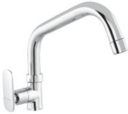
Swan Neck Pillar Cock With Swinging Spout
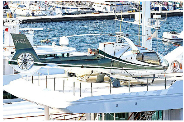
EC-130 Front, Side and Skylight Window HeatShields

...

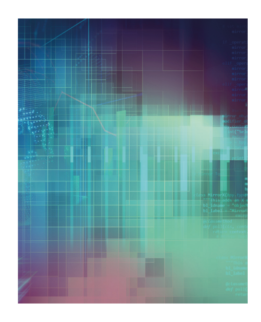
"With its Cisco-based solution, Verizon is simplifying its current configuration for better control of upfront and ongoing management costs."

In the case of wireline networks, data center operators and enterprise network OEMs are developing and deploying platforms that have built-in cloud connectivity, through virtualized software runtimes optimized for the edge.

ABOUT THIS EXERCISE → Filter the records for the word "With" and show every line that has it.

EXERCISE RESULT →
Swan Neck Pillar Cock With Swinging Spout
"With its Cisco-based solution, Verizon is simplifying its current configuration for better control of upfront and ongoing management costs."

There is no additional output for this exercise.